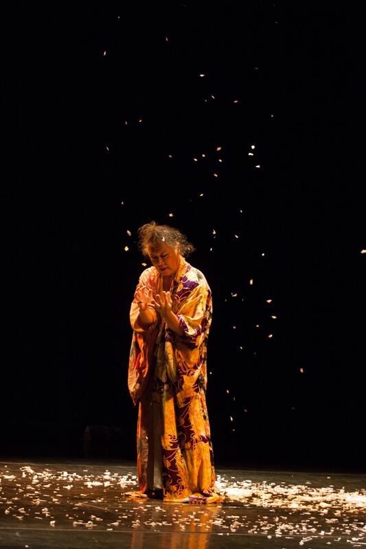 Al principio de Fukushima, mon amour , los movimientos de Tadashi Endo son mínimos. Los dedos mariposean en el aire; la mano se eleva y colapsa; el artista, de espaldas, se hunde en el silencio. Para cuando termina, él y la audiencia han sido hipnotizados por el horror del terremoto del 2011 en Japón y el desastre nuclear posterior; luego, son llevados a la luz a través del cuerpo del maestro del butoh. En el centro del escenario, la nieve cae, el tiempo pasa y la vida florece, una vez más.
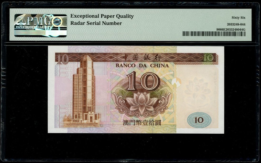 1995年澳門中國銀行10元,雷達號AU71017,PMG 66EPQ
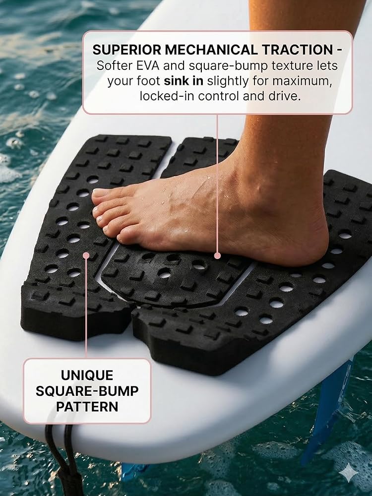 The softer material allows your foot to "sink" slightly into the pad, creating superior mechanical traction. Combined with the square-tread texture, it ensures your back foot stays locked for maximum control and drive.
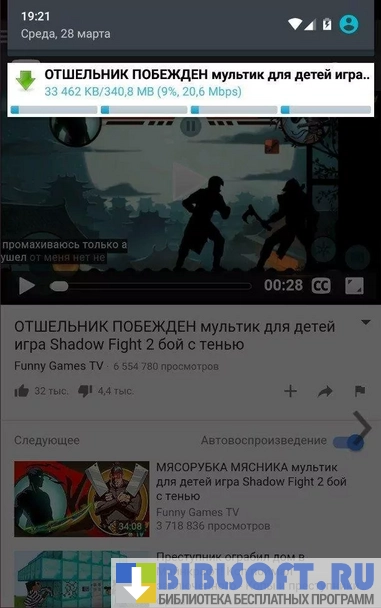 - быстрое скачивание видео;
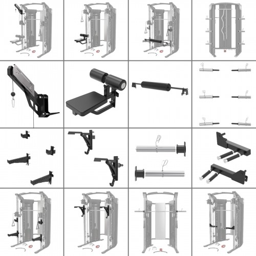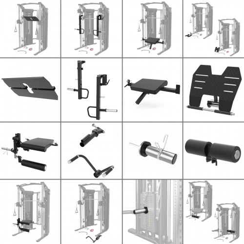 Комплект Cyklop 10 включає багато аксесуарів: подовжувач верхнього блоку, сидіння з фіксатором, пінопластові фіксатори стегон, шість штифтів для зберігання ваг, тримачі для грифа, запобіжні опори, моноліфт, кріплення для грифа Сміта для олімпійських дисків, тримачі для віджимань, пластину для жиму ногами, важелі Jammer, підставку для тяги стегна, пластину для ніг для скручування, сидіння з подовжувачем ніг, ручку Landmine для веслування з хватом, магнітний штифт для додаткових ваг, пружинні затискачі.
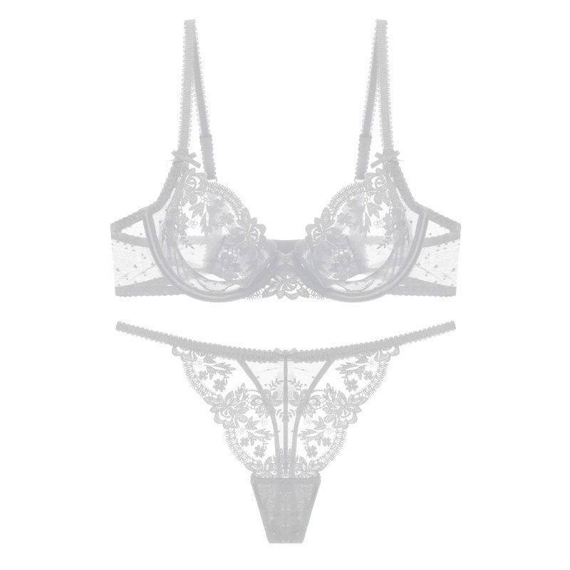聚拢文胸女防下垂丁字裤 法式 细带性感蕾丝薄款 新款 胸罩 内衣套装
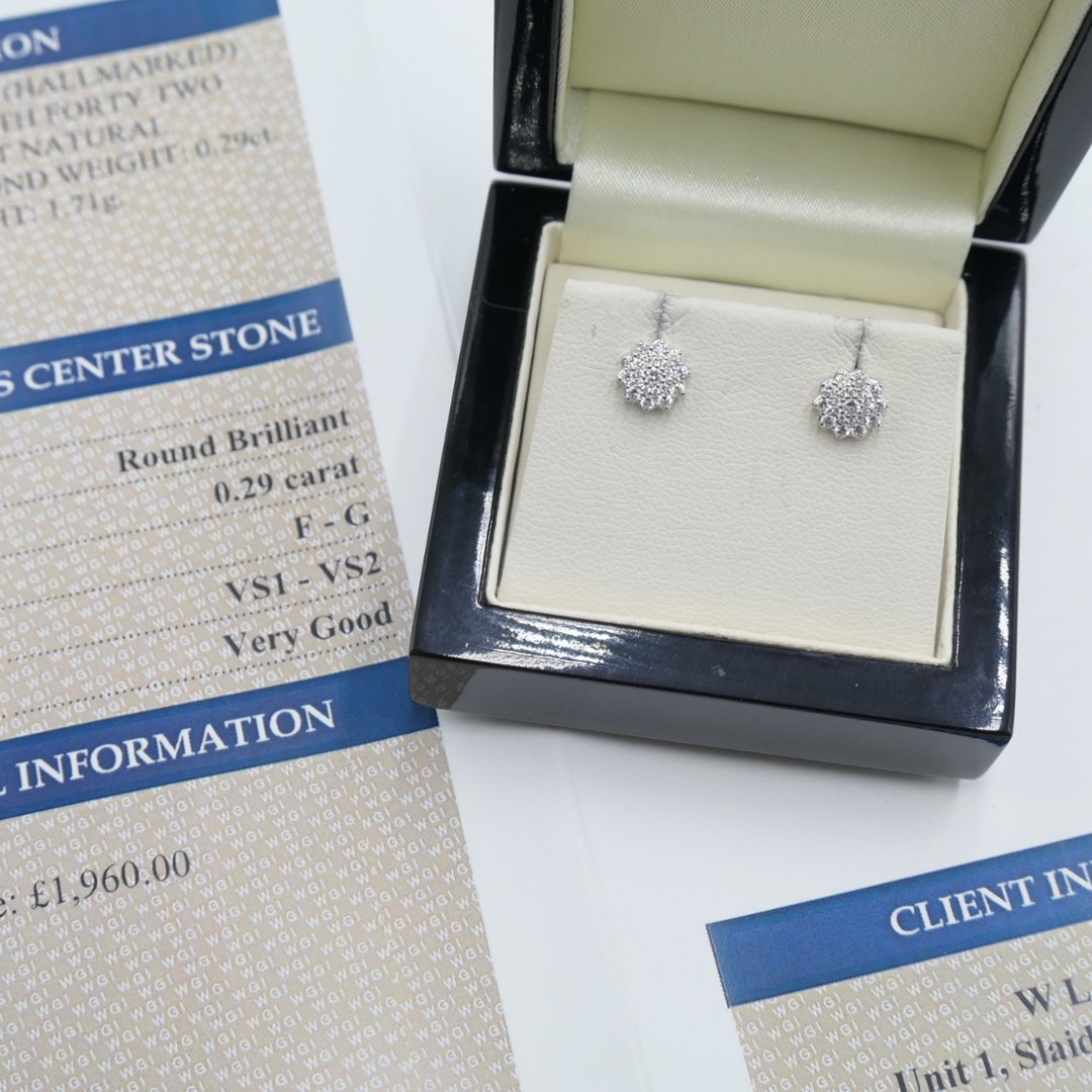 A brand-new, unused, certified pair of 18ct white gold, natural diamond, flower-shaped earrings, set with brilliant-cut diamonds, epitomise elegance and timeless beauty. These stunning earrings feature a total diamond weight of 0.29ct, with each brilliant-cut diamond meticulously selected for its clarity (VS1-VS2) and colour (F-G), ensuring exceptional sparkle and brilliance.
******
Each record, word for word, should be printed again without its pictures.

[PROBLEM SOLUTION]
 Al principio de Fukushima, mon amour , los movimientos de Tadashi Endo son mínimos. Los dedos mariposean en el aire; la mano se eleva y colapsa; el artista, de espaldas, se hunde en el silencio. Para cuando termina, él y la audiencia han sido hipnotizados por el horror del terremoto del 2011 en Japón y el desastre nuclear posterior; luego, son llevados a la luz a través del cuerpo del maestro del butoh. En el centro del escenario, la nieve cae, el tiempo pasa y la vida florece, una vez más.
 1995年澳門中國銀行10元,雷達號AU71017,PMG 66EPQ
 The softer material allows your foot to "sink" slightly into the pad, creating superior mechanical traction. Combined with the square-tread texture, it ensures your back foot stays locked for maximum control and drive.
 - быстрое скачивание видео;
 Комплект Cyklop 10 включає багато аксесуарів: подовжувач верхнього блоку, сидіння з фіксатором, пінопластові фіксатори стегон, шість штифтів для зберігання ваг, тримачі для грифа, запобіжні опори, моноліфт, кріплення для грифа Сміта для олімпійських дисків, тримачі для віджимань, пластину для жиму ногами, важелі Jammer, підставку для тяги стегна, пластину для ніг для скручування, сидіння з подовжувачем ніг, ручку Landmine для веслування з хватом, магнітний штифт для додаткових ваг, пружинні затискачі.
聚拢文胸女防下垂丁字裤 法式 细带性感蕾丝薄款 新款 胸罩 内衣套装
 A brand-new, unused, certified pair of 18ct white gold, natural diamond, flower-shaped earrings, set with brilliant-cut diamonds, epitomise elegance and timeless beauty. These stunning earrings feature a total diamond weight of 0.29ct, with each brilliant-cut diamond meticulously selected for its clarity (VS1-VS2) and colour (F-G), ensuring exceptional sparkle and brilliance.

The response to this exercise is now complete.